The Feminine is linked to both Creation and Destruction. The creative principle contains within itself the destructive principle. They cannot be one without the other, and it is this tension that generates dynamism, that is, life.
Today we pursue an ideal of docile happiness, based on a distorted perception, where having many options is synonymous with being free. We aspire to a static state of well-being.
We are taught that death is the opposite of life, but the only thing opposite to life is the static. Life is dynamism and to have dynamism we need death.
A society that denies Death also denies Life. We are more dissociated than ever from the feminine. The only way to assume death, therefore life, is to integrate the feminine in all its dimensions.
The first phase of the creative process depends on the feminine in its most terrible aspect. If we do not know how to destroy, we do not know how to create. We must not confuse reproduction with creation, since reproduction is only a simulacrum of the creative act.
The feminine dwells in symbolic thinking, just as it does in myth and poetic language. These manifestations distill truth, but a truth that does not arise from rational arguments, but from imagination. It is through imagination that we can discover the secret and intimate relationships between things.
The myth is open, it lives in the variant, in the multiplicity, it is moldable like mud, we can feel its pulse between our hands. As well as the poetic language that gives us numinous glimmers, words that timidly emanate the glow of the unapproachable that is hidden behind them.
The contemplation of nature is the germ of mythological construction. Nature dies and is tirelessly reborn, it presents itself to us as the same but different. The sun is born and dies every day, as does the moon every twenty-eight. We can observe eternity through cycles. The infinite can only be measured in fragments.
It is only through our wounds that we can remember our gifts. Right where we feel most vulnerable is hidden what we came here to give. Wounds are the thresholds through which we enter the labyrinth. Therefore, we must walk towards that which terrifies us. We have to go to meet the monster.
Many of the monsters are female figures. In Greek mythology, for example, we have the Sphinxes (the best known is that of Thebes), Charybdis and Scylla (with their six dogs around their waists), the Erinias (who tormented Orestes), Eschida (mother of famous monsters), the Gorgons, the Harpies, the Moiras, the Sirens, the Python, the Chimaera, the Lamia…
And in Hebrew mythology we have the wonderful Lilith. She is presented to us as the image of the stereotype of the fatal woman, an artifice created to represent the terrible feminine in an absolutely plain way.

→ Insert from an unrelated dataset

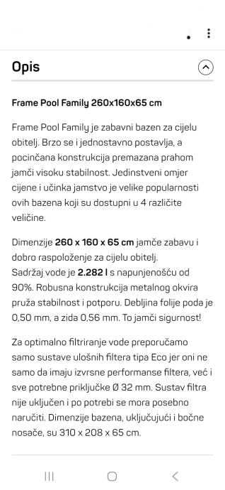Prodaje bazen dim. 260×160×65. Nov, zapakirann. Opis u slikama.

We also have goddesses like the great Kali who fertilizes the earth with the blood of her victims, the mother Kali who devours everything to transform it into life.
Inanna the queen of heaven and her counterpart Ereshkigal queen of the Underworld. And we also have the witch Hecate, goddess of crossroads and roads.
These goddesses and monsters are represented as hybrid beings, they are beautiful women with snake tails, lion paws, bird wings, eagle claws, iridescent scales and multiple fierce limbs. They are linked to another order, an analogical, irrational, instinctive order, they are the custodians of the other wisdom, of the other system of thought, they are there in the Kairos, in the symbolic realm, from where myths and poetic language are born.
Life is descending and ascending from the underworld, entering and exiting the labyrinth. Hopefully, not once, but multiple times. Only by walking we can remember our own rhythm, that is how we learn to tune our own note, that intimate and non-transferable sound that is our voice. We walk to remember, and by remembering we decode the enigmas of the sphinxes.
We have many stories of descent to the underworld, most of them tell us more about the descent than the ascent. To descend we are given a series of weapons, as well as a series of advices, maps and instructions. But we are not told much about the ascent process. We must not forget that the path is twofold, there and back.
We descend through a first threshold, we walk with our weapons, maps and instructions, until we reach the deepest, darkest place and suddenly we see a spectral gleam. As we advance we discover a mirror, a mirror-threshold that no one warned us about. That mirror reveals an abysmal image of ourselves, our task is to decode the way to pass to the other side (yes, like Alice). Some think that the confrontation with these monstrous reflections leads to their annihilation, but it is quite the opposite, we must merge with them because they are our allies.
–So far, we know a little bit of the script, don’t we?–
Now let’s talk about the ascending, because remember that the path is twofold, there and back. To ascend is to give birth to ourselves. It is a painful and sublime process. At this stage of the journey we can only let ourselves be born, and that is a feminine mystery. Weapons, maps or instructions are useless.
–One of the few myths where we are told about the mystery of ascent is in the story of Inanna, but that’s for another day, because we don’t have much time–
The law of the underworld demands that something remains inside so that we can ascend. You cannot build a new order without first destroying the old one. We must allow everything to return to chaos, that ether which contains within itself all the germs of universal creation (the ascent), and only then we can create a new order.
The female monsters are the guardians of the thresholds that open the way to another turn of the spiral. Under their spectral light we feel our way back. It is their very low voice that whispers to us where to continue walking.
At the end of the ascent, we pass again through the same threshold through which we descended, which now appears the same but different. Just as we return to the world of the living, the same but different.